Лето – сезон белой пыли и желтого песка. В слепящем блеске неба и железа, в запахах сухого эвкалипта и раздавленных муравьев мужчины, ссутулив плечи и щуря глаза, прислонялись к столбам веранды или усаживались на ступеньки. Некоторые обнажали в тени свои двуцветные лбы, предпочитая мух взмокшему фетру. На веранде магазина царил дух расслабленности. Слова не знали удержу, но это никого не беспокоило, потому что время было безмерно, а люди более молчаливые и замкнутые, не раскрывавшие рта, чертили по пыльной земле прутиком или кнутом, перечеркивали и снова чертили им одним ведомые иероглифы и лишь изредка вскидывали тусклые глаза.
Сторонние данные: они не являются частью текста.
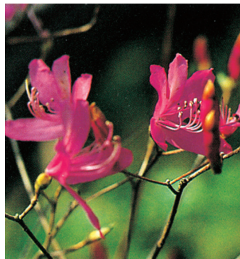
コバノミツバツツジ (通称ヤマツツジ)
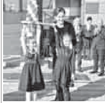
Тивни жартысы эр кишиле болганларын айтыргга сюеме, аны хайырындан а нызам да кючлюдо, бир тюрлю кьаугга, даулаш да болмаучуду, сабийле уа алагга бек тулгаладыла», -дегенди ол.
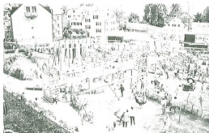
Wenn jede Struktur in ihrer eigenen Form und auf ihre Umgebung hin abgewogen ist, können sie –ungeschönt– aufeinanderprallen.

The underground car park under construction. Foreground: the ventilation shaft "integrated" in the roof. On the Schärerwiese the foundation works and the spreading of humus have been completed. Little has been left to chance.
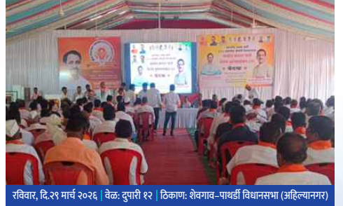
रविवार, दि.२९ मार्च २०२६ वेळ: दुपारी १२ ठिकाण: शेवगाव-पाथर्डी विधानसभा (अहिल्यानगर)
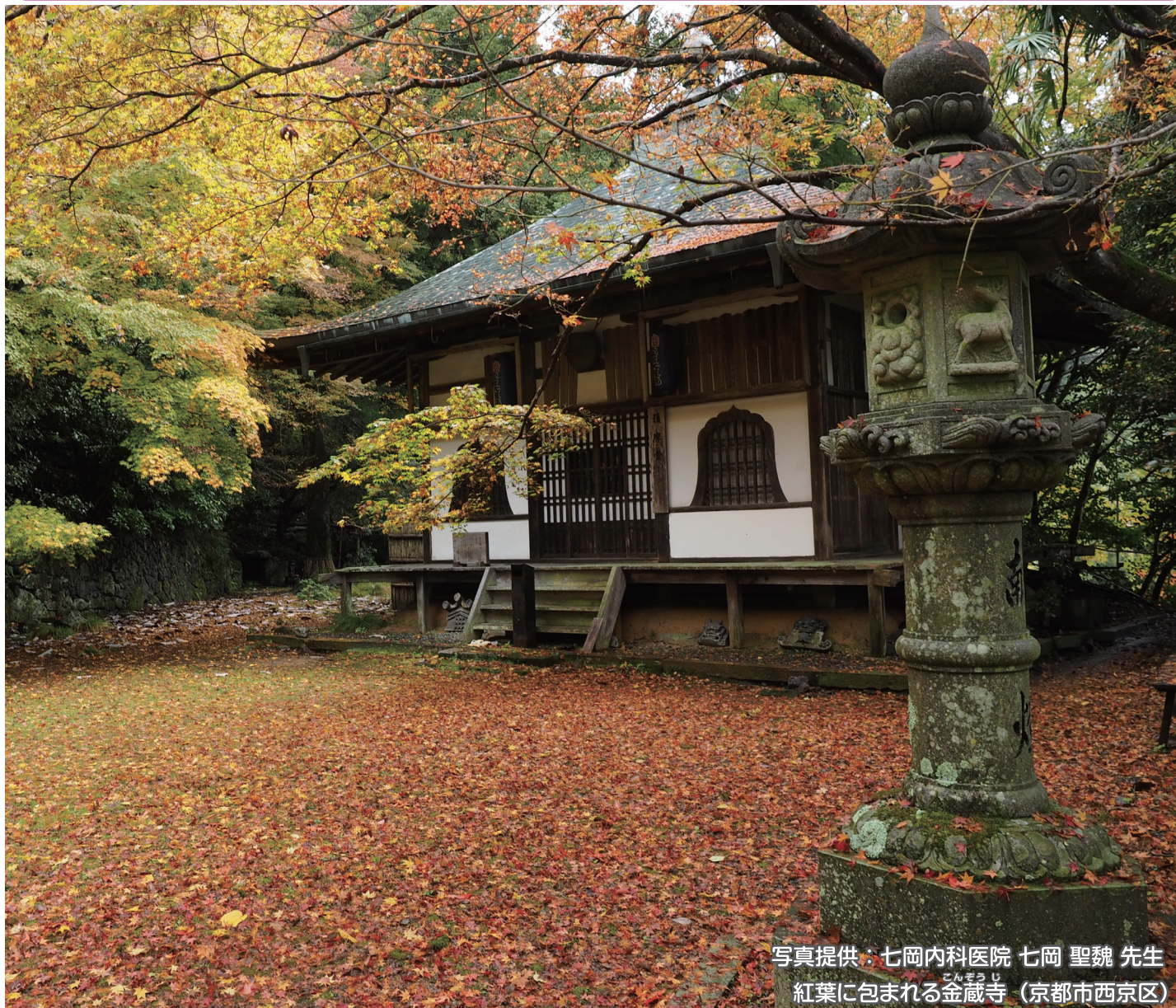
紅葉に包まれる金蔵寺 (京都市西京区)
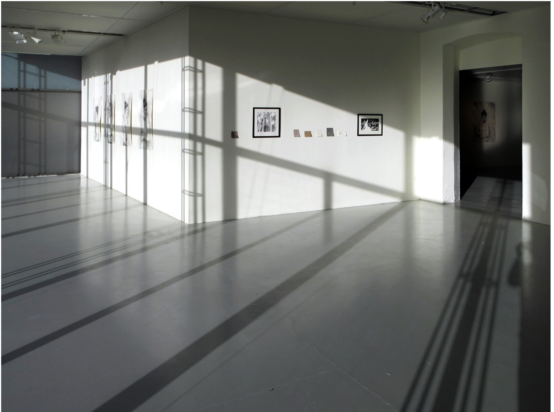
Ascent , med Filippa Barkman. Visningsrommet USF, april 2016.
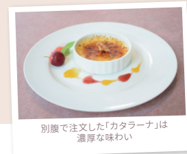
別腹で注文した「カタラーナ」は濃厚な味わい
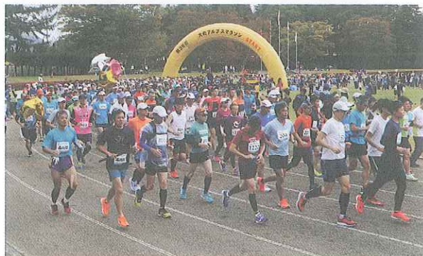
第36回大町アルプスマラソン大会の様子
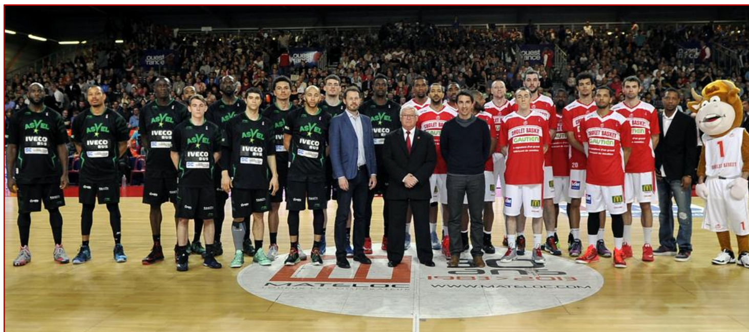
Avant le coup d'envoi, les 2 équipes se sont réunies au centre du parquet pour soutenir les Journées de l'Avenir
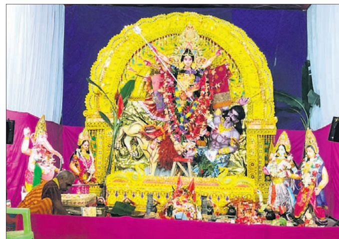
ପୁଲବାଣୀ ମାଛକୁଦ ଛକ ।
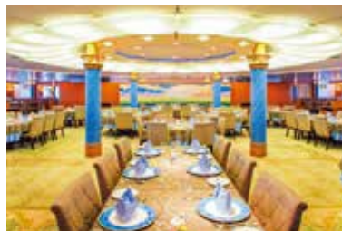
メインダイニング「瑞穂」
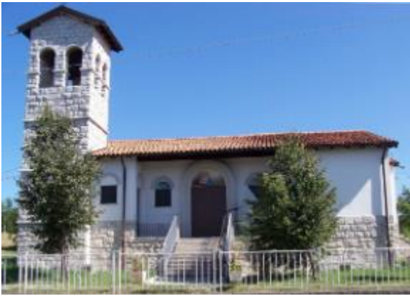
Chiesetta di Pesek
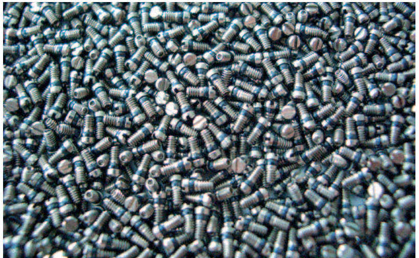
Über 100 Mio. Sicherungsschrauben werden pro Jahr gefertigt

Das im Jahr 1904 gegründete international tätige Familienunternehmen OBE Ohnmacht & Baumgärtner GmbH & Co. KG ist seit 1996 nach ISO 9001 und ISO/TS 16949 zertifiziert und betreibt seit Jahren ein professionelles Umweltmanagement nach ISO 14001 sowie EMAS. Weltweit beschäftigt OBE 450 Mitarbeiter, davon rund 200 am Hauptsitz in Ispringen, und ist mit Tochterunternehmen in Italien, Hongkong und China sowie Repräsentanzen weltweit vertreten. Seit April 2016 hat OBE die bisherige Beteiligung am asiatischen Brillenscharnierhersteller GLOBE Precision Ltd. zu 100 % übernommen. OBE kann zahlreiche Patente im Bereich der Brillenindustrie sein eigen nennen und beweist damit eine große Innovationskraft.

В эту пору своего существования незатейливый фасад универсального магазина в поселке Дьюрилгей еще сверкал свежей коричневой краской. Деревянный, крытый железом дом смахивал на сооружение из детских кубиков. В витрине чопорно стояло и лежало множество честных предметов – ведра, ламповые фитили и просяные веники, рукоятки для топора и шерсть для штопки. Никаких финтифлюшек на витрине – таков был принцип торговца, с великим тщанием расставившего свои товары. Они казались извечными и, должно быть, обладали нерушимым постоянством. Они как будто были выписаны на дощатой задней стенке неопытной кистью, еще не постигшей нечестности искусства.
Первое время владельцем универсального магазина, или, как его называли в округе, «заведения», был мистер Дениер, рохля порядочная, но человек добросовестный. Он исправно посещал церковную службу, а для души разводил кур-бентамок. Мистер Дениер любил расхаживать среди своих курочек, глядя на них с высоты своего роста сквозь толстые стекла очков и умиленно улыбаясь их грациозности. Он был под стать своему магазину, такой же простецкий и нескладный. Только долговечнее его. Люди, ехавшие по дороге из Дьюрилгея в Бенгели, оглянувшись, могли бы увидеть его в одном из двух неизменных его положений – он прирастал к прилавку либо к двери своего магазина. А магазин в свою очередь словно врос в ландшафт с пологими зелеными, а в конце лета плешивыми горами. Возле двери стоял посаженный мистером Дениером тамариск; в начале лета он помахивал своими бледными пыльно-розовыми флажками, а под осень – печальным розовато-пыльным плюмажем. По мере того как становился толще ствол, оперение стройного тамариска являло собой все более интересное зрелище. Приезжие часто спрашивали мистера Дениера, что это за дерево, но этого он как раз не знал. Он улыбался. Он отвечал, что купил его потому, что ему хотелось иметь дерево, хоть какое-нибудь, а оно вон какое получилось. Но толстые стекла его очков светились довольством.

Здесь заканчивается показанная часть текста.